● The task:
When a picture appears in the listing, leave it out and copy the rest exactly as it stands.

--- Source data ---

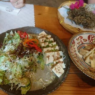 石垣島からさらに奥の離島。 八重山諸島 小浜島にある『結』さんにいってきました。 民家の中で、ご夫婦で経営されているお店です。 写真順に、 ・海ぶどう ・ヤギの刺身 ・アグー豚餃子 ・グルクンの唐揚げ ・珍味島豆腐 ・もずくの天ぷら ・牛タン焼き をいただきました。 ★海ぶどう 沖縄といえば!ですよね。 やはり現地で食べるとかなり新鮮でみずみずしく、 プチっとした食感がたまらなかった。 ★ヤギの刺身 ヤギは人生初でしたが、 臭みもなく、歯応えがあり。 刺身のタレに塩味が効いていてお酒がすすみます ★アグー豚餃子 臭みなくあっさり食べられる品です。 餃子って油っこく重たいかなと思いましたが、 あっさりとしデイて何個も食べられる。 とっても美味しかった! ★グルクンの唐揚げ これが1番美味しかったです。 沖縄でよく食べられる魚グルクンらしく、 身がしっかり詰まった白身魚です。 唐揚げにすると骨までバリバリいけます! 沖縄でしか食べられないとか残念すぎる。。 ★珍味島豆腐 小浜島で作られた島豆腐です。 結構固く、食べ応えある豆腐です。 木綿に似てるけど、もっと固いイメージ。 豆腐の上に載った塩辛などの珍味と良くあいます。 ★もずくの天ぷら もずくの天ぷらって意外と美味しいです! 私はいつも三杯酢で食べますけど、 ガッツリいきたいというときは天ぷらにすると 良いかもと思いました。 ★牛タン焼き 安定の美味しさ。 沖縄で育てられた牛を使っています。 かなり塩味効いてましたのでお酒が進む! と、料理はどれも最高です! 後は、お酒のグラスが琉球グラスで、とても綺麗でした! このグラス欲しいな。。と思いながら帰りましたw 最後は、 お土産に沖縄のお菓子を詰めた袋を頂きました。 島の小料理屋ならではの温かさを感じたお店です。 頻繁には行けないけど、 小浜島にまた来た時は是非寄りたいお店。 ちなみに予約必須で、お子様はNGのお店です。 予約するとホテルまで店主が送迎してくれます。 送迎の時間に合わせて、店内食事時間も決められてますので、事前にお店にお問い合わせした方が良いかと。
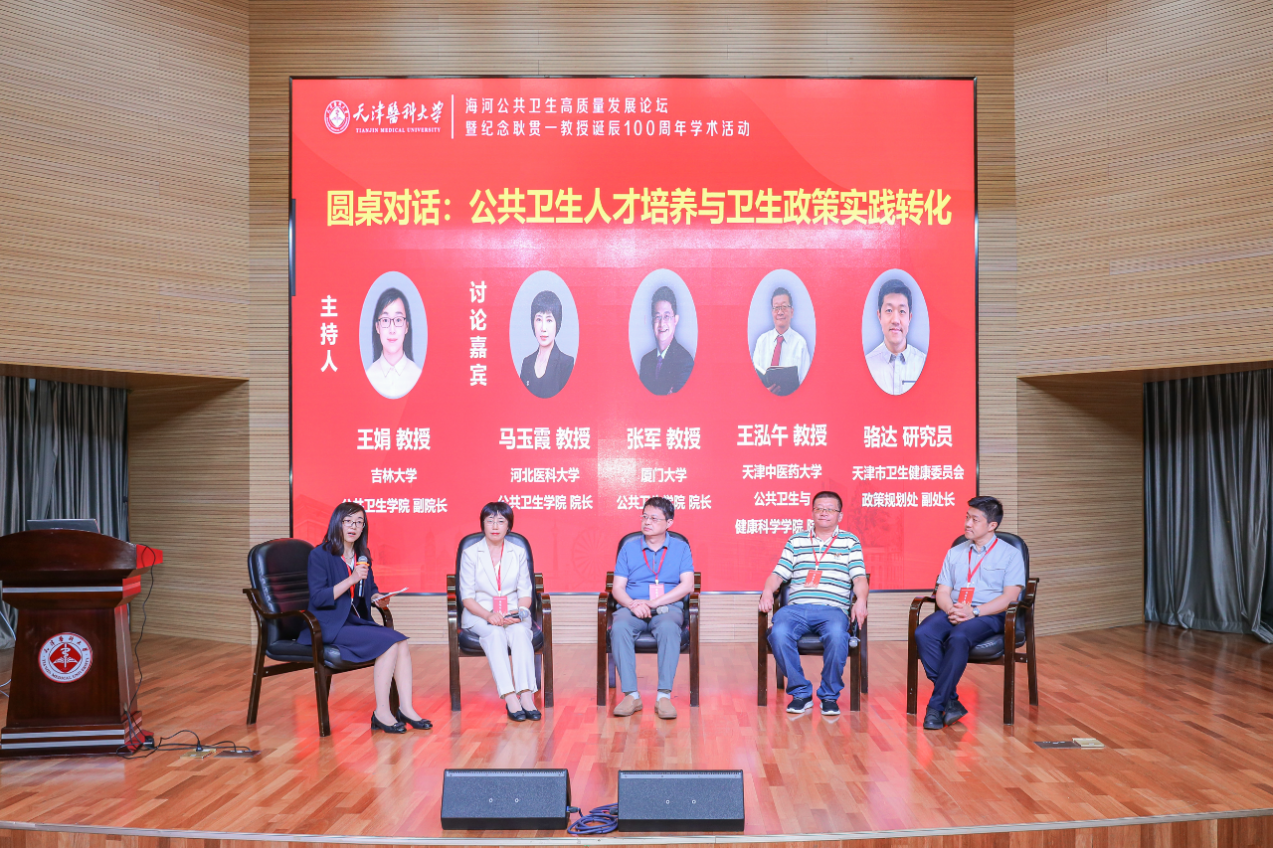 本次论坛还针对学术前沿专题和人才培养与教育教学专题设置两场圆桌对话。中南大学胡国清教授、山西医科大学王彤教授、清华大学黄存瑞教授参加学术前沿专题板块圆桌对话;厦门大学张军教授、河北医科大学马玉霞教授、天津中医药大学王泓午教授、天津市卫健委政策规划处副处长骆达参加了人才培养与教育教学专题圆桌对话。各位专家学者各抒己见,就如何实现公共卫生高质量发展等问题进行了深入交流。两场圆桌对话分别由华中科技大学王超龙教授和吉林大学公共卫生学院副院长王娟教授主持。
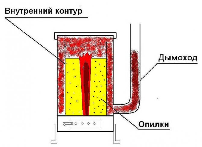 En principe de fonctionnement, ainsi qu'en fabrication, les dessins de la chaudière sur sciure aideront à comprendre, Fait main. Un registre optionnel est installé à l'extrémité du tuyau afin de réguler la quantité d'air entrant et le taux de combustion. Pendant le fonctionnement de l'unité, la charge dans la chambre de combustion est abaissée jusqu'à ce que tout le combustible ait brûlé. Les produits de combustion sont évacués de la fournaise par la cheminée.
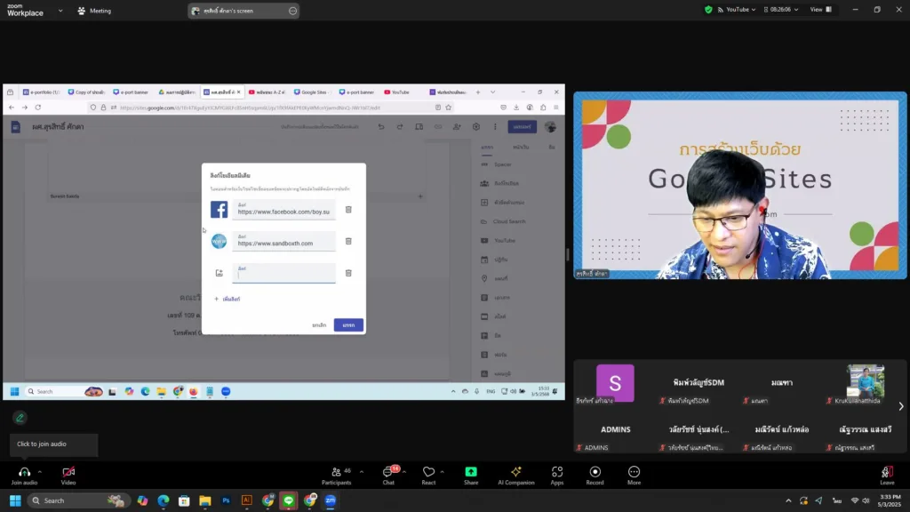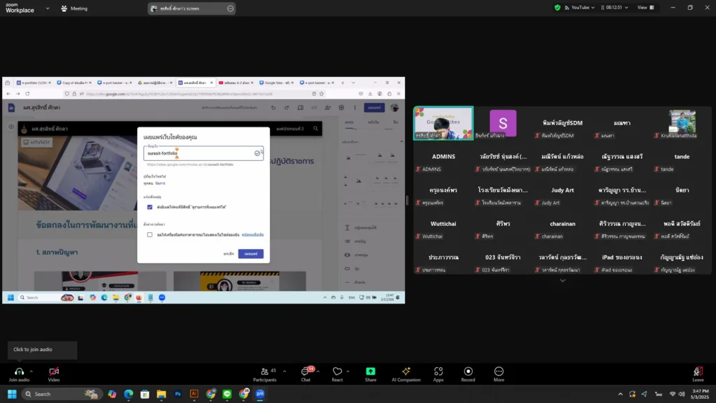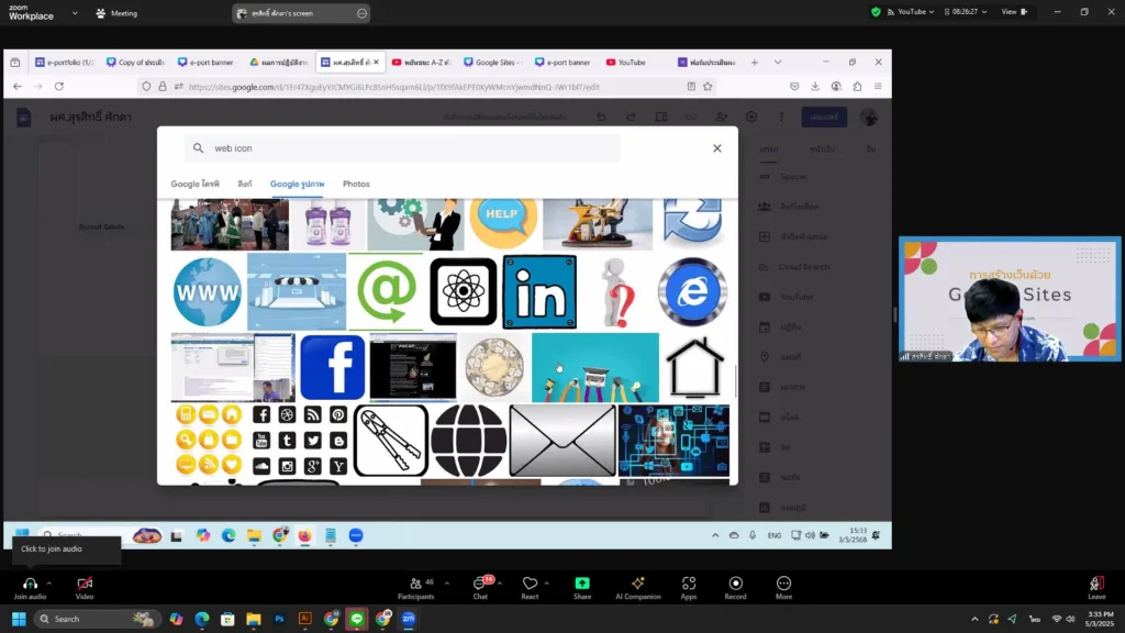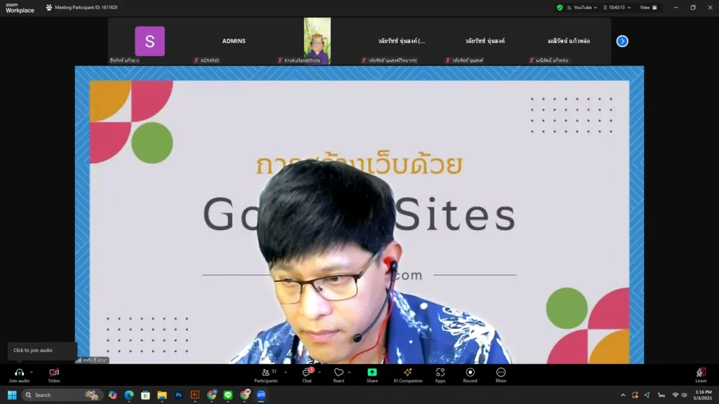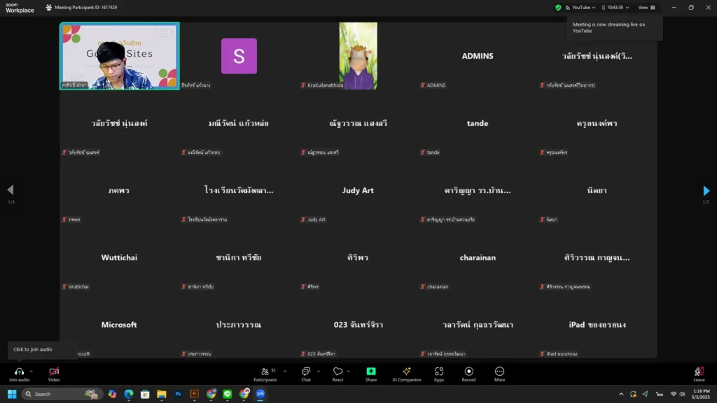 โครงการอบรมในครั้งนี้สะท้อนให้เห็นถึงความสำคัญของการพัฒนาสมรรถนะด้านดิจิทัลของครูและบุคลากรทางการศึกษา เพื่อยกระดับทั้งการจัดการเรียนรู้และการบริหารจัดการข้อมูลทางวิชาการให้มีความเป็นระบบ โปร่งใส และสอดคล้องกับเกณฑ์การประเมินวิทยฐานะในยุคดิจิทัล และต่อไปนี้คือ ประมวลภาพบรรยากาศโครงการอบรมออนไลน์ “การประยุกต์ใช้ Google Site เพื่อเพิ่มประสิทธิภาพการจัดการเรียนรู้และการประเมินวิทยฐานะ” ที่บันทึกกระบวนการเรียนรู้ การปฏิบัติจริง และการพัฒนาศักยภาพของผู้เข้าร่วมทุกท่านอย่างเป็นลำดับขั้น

---

● Exercise answer:
 石垣島からさらに奥の離島。 八重山諸島 小浜島にある『結』さんにいってきました。 民家の中で、ご夫婦で経営されているお店です。 写真順に、 ・海ぶどう ・ヤギの刺身 ・アグー豚餃子 ・グルクンの唐揚げ ・珍味島豆腐 ・もずくの天ぷら ・牛タン焼き をいただきました。 ★海ぶどう 沖縄といえば!ですよね。 やはり現地で食べるとかなり新鮮でみずみずしく、 プチっとした食感がたまらなかった。 ★ヤギの刺身 ヤギは人生初でしたが、 臭みもなく、歯応えがあり。 刺身のタレに塩味が効いていてお酒がすすみます ★アグー豚餃子 臭みなくあっさり食べられる品です。 餃子って油っこく重たいかなと思いましたが、 あっさりとしデイて何個も食べられる。 とっても美味しかった! ★グルクンの唐揚げ これが1番美味しかったです。 沖縄でよく食べられる魚グルクンらしく、 身がしっかり詰まった白身魚です。 唐揚げにすると骨までバリバリいけます! 沖縄でしか食べられないとか残念すぎる。。 ★珍味島豆腐 小浜島で作られた島豆腐です。 結構固く、食べ応えある豆腐です。 木綿に似てるけど、もっと固いイメージ。 豆腐の上に載った塩辛などの珍味と良くあいます。 ★もずくの天ぷら もずくの天ぷらって意外と美味しいです! 私はいつも三杯酢で食べますけど、 ガッツリいきたいというときは天ぷらにすると 良いかもと思いました。 ★牛タン焼き 安定の美味しさ。 沖縄で育てられた牛を使っています。 かなり塩味効いてましたのでお酒が進む! と、料理はどれも最高です! 後は、お酒のグラスが琉球グラスで、とても綺麗でした! このグラス欲しいな。。と思いながら帰りましたw 最後は、 お土産に沖縄のお菓子を詰めた袋を頂きました。 島の小料理屋ならではの温かさを感じたお店です。 頻繁には行けないけど、 小浜島にまた来た時は是非寄りたいお店。 ちなみに予約必須で、お子様はNGのお店です。 予約するとホテルまで店主が送迎してくれます。 送迎の時間に合わせて、店内食事時間も決められてますので、事前にお店にお問い合わせした方が良いかと。
 本次论坛还针对学术前沿专题和人才培养与教育教学专题设置两场圆桌对话。中南大学胡国清教授、山西医科大学王彤教授、清华大学黄存瑞教授参加学术前沿专题板块圆桌对话;厦门大学张军教授、河北医科大学马玉霞教授、天津中医药大学王泓午教授、天津市卫健委政策规划处副处长骆达参加了人才培养与教育教学专题圆桌对话。各位专家学者各抒己见,就如何实现公共卫生高质量发展等问题进行了深入交流。两场圆桌对话分别由华中科技大学王超龙教授和吉林大学公共卫生学院副院长王娟教授主持。
 En principe de fonctionnement, ainsi qu'en fabrication, les dessins de la chaudière sur sciure aideront à comprendre, Fait main. Un registre optionnel est installé à l'extrémité du tuyau afin de réguler la quantité d'air entrant et le taux de combustion. Pendant le fonctionnement de l'unité, la charge dans la chambre de combustion est abaissée jusqu'à ce que tout le combustible ait brûlé. Les produits de combustion sont évacués de la fournaise par la cheminée.
 โครงการอบรมในครั้งนี้สะท้อนให้เห็นถึงความสำคัญของการพัฒนาสมรรถนะด้านดิจิทัลของครูและบุคลากรทางการศึกษา เพื่อยกระดับทั้งการจัดการเรียนรู้และการบริหารจัดการข้อมูลทางวิชาการให้มีความเป็นระบบ โปร่งใส และสอดคล้องกับเกณฑ์การประเมินวิทยฐานะในยุคดิจิทัล และต่อไปนี้คือ ประมวลภาพบรรยากาศโครงการอบรมออนไลน์ “การประยุกต์ใช้ Google Site เพื่อเพิ่มประสิทธิภาพการจัดการเรียนรู้และการประเมินวิทยฐานะ” ที่บันทึกกระบวนการเรียนรู้ การปฏิบัติจริง และการพัฒนาศักยภาพของผู้เข้าร่วมทุกท่านอย่างเป็นลำดับขั้น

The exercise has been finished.